# Exercise objective
Starting with the line that has "BRADY M21-750-595-BL 142794" in the records below and ending with the line that has "Size: M/LColor: Burgundy", output those lines exactly and nothing more; omit the pictures.

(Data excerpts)
+++++
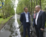 Сегодня глава администрации города Мурманска Андрей Сысоев в рамках традиционного объезда проверил ход работ по ремонту тротуаров на улице Челюскинцев.
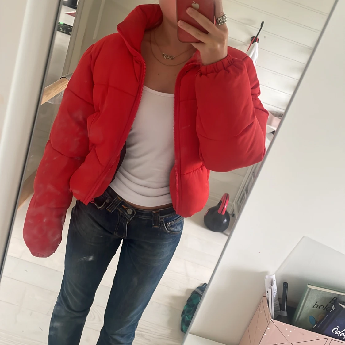 Skit snygg röd puff jacka från gina i bästa skick. Jacka med dragsko som man kan välja att den ska vara kort eller vara längre men jackan är i kortare modell. Storlek xs xxs
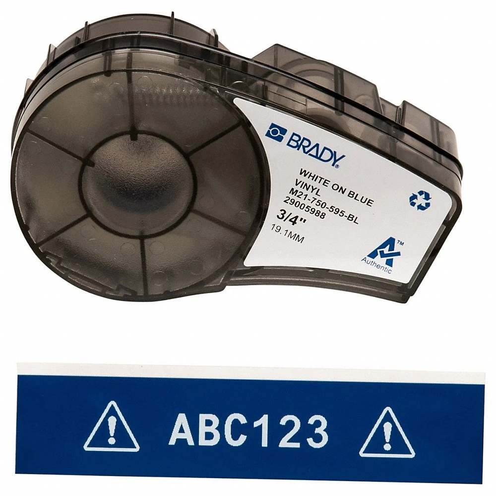 BRADY M21-750-595-BL 142794 Label Roll Cartridge, 3/4 Inch x 21 ft, Autoclavable Vinyl, White on Blue, Indoor/Outdoor
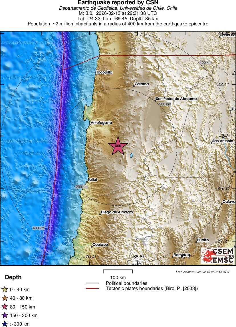 | 3 | 85.1 | 11756 | 23:31 | Link | Minor Earthquake - ANTOFAGASTA, CHILE - Yesterday |
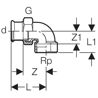Unión en codo de transición 90° Geberit serie Mapress Cobre con rosca hembra: CC499K, d=18mm, Rp=1/2″
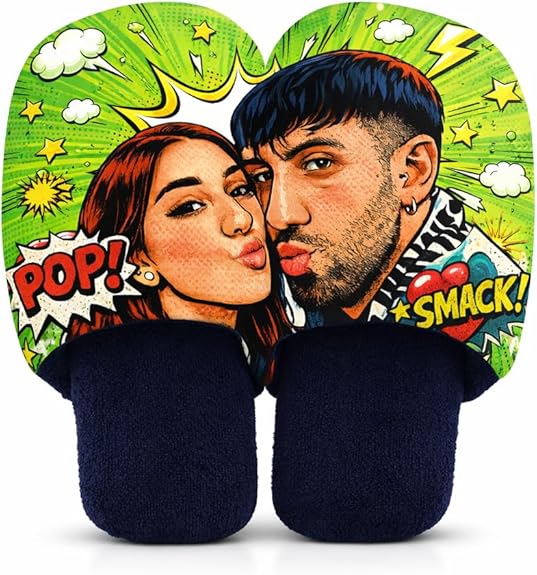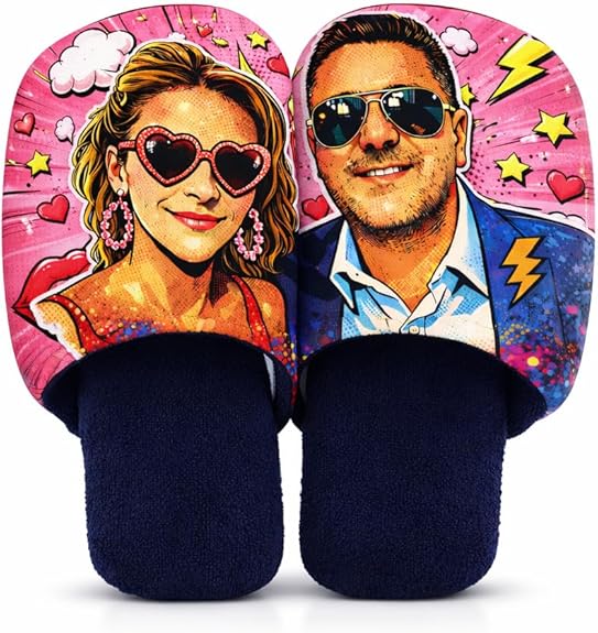 • PERSONALIZZAZIONE UNICA: Pantofole personalizzabili con le tue foto preferite trasformate in stile fumetto pop art colorato, perfette per creare un regalo originale e memorabile
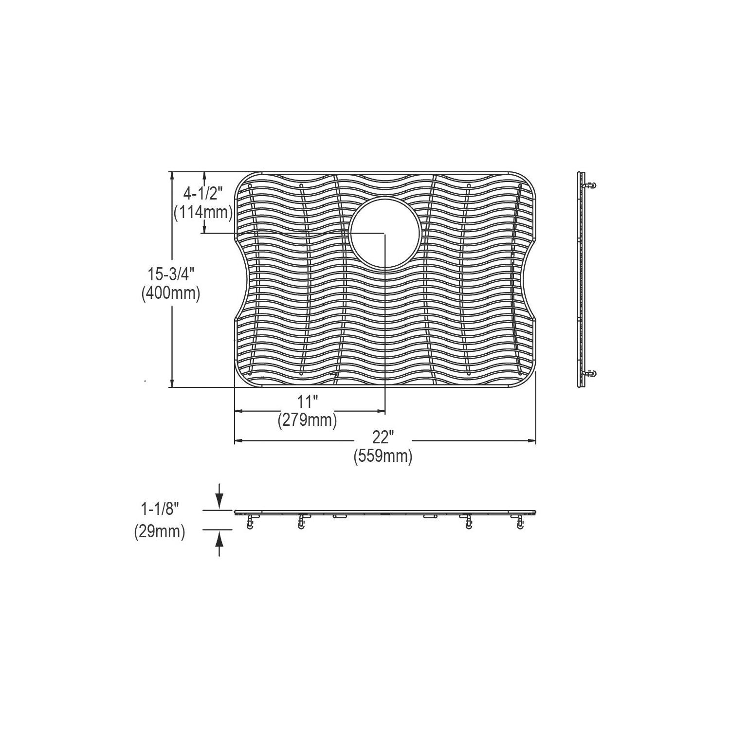 Elkay® Bottom Grid, 22 in Length, 15-3/4 in Width, 1-1/8 in Height, Stainless Steel, Import
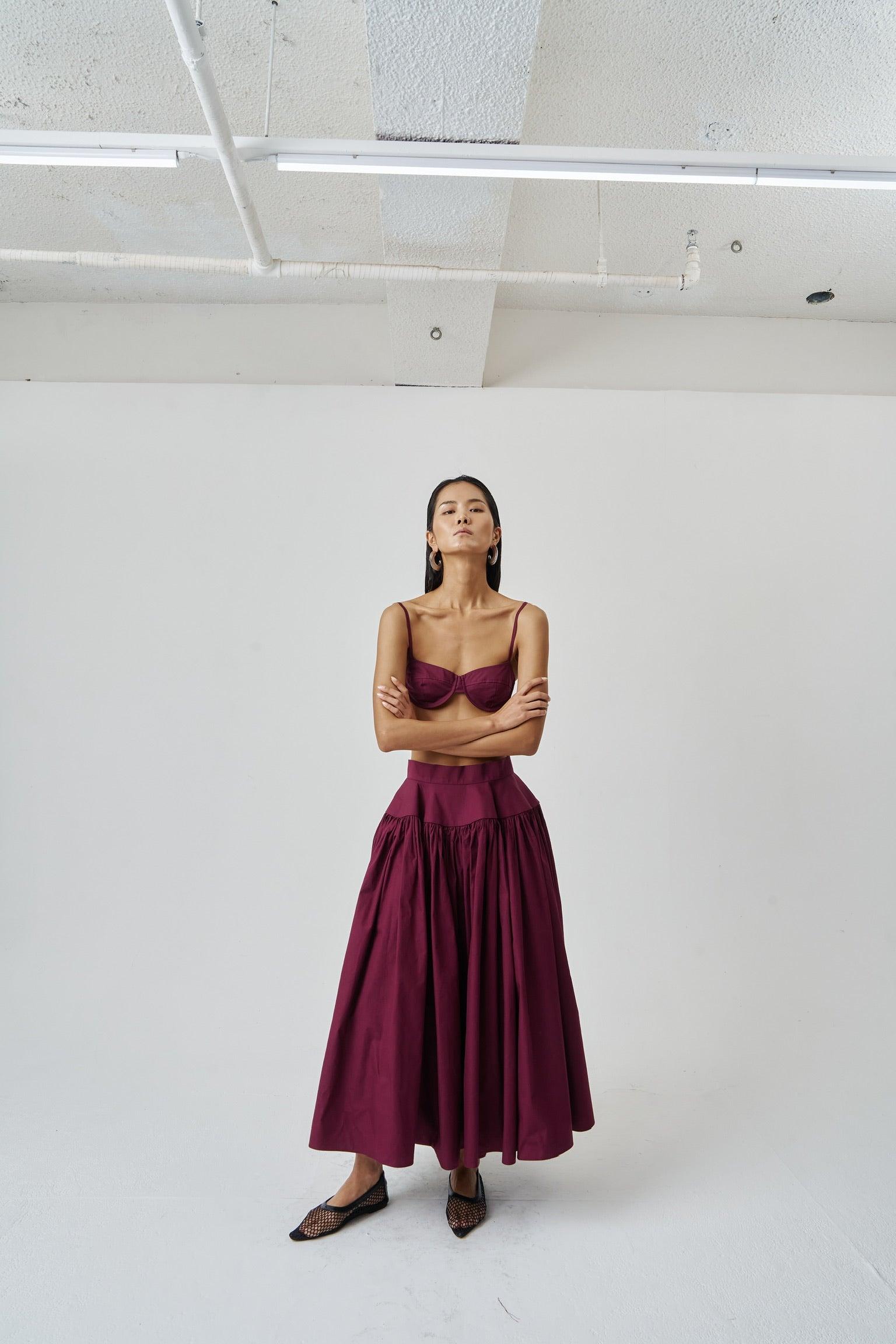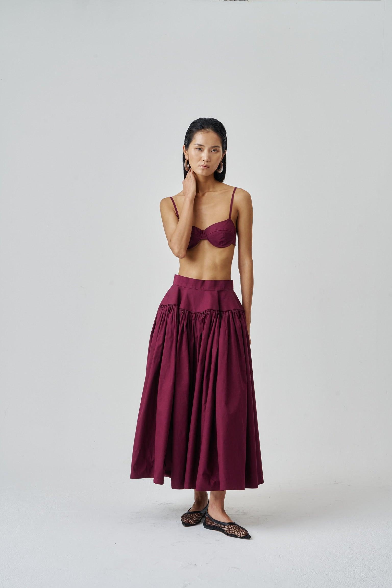 Size: M/LColor: Burgundy Midi Length Structured Basque Waist Pleated DetailingHook-and-Eye and Zipper at the BackSide Pockets100% Cotton MeasurementsLength: 35in / 89cm Waist: 30in / 76cm
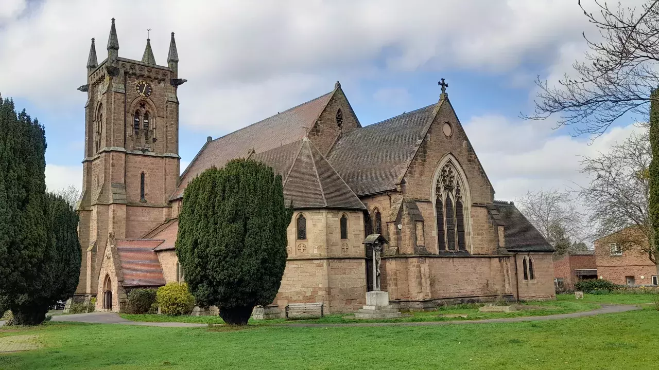 St Stephen's was built by the eminent Birmingham architect Charles Preedy between 1861-1862. It is Grade II listed and is of sandstone ashlar with plain tile roofs. It has a lofty aisled nave and chancel, of a decorative style with four pointed arches separating the nave from the aisles. The nave is lit by large windows and clerestory that produces a cathedral-like atmosphere. The Lady chapel was built between 1912-16. The tower is of three stages, with double buttresses and a newel staircase leading to its top. The tower has openings at the bell-ringing chamber level. The south porch is the main entrance and has a pointed moulded arch set on paired marble columns with stiffleaf capitals. The west door is similarly enclosed by arched stonework and opens on to late 20th century brick and tiled covered way with a recently constructed paved access ramp.
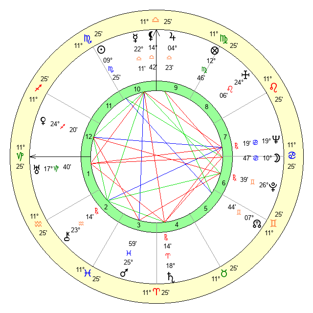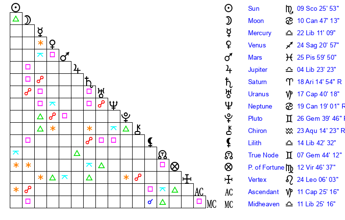 | Sun | 9 Scorpio 25 | 10 Scorpio 33 | 6 Pisces 0 |
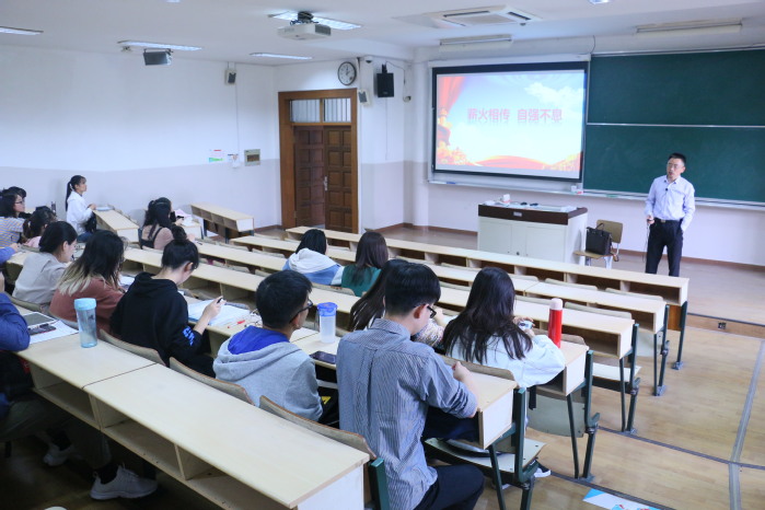 在四教举行研究生新生党员教育交流会。党委书记陆兵以“薪火相传,自强不息”为主题,为18级新生党员和入党申请人上了一堂精彩的党课。
+++++
# Answer box
 BRADY M21-750-595-BL 142794 Label Roll Cartridge, 3/4 Inch x 21 ft, Autoclavable Vinyl, White on Blue, Indoor/Outdoor
 | 3 | 85.1 | 11756 | 23:31 | Link | Minor Earthquake - ANTOFAGASTA, CHILE - Yesterday |
Unión en codo de transición 90° Geberit serie Mapress Cobre con rosca hembra: CC499K, d=18mm, Rp=1/2″
 • PERSONALIZZAZIONE UNICA: Pantofole personalizzabili con le tue foto preferite trasformate in stile fumetto pop art colorato, perfette per creare un regalo originale e memorabile
 Elkay® Bottom Grid, 22 in Length, 15-3/4 in Width, 1-1/8 in Height, Stainless Steel, Import
 Size: M/LColor: Burgundy Midi Length Structured Basque Waist Pleated DetailingHook-and-Eye and Zipper at the BackSide Pockets100% Cotton MeasurementsLength: 35in / 89cm Waist: 30in / 76cm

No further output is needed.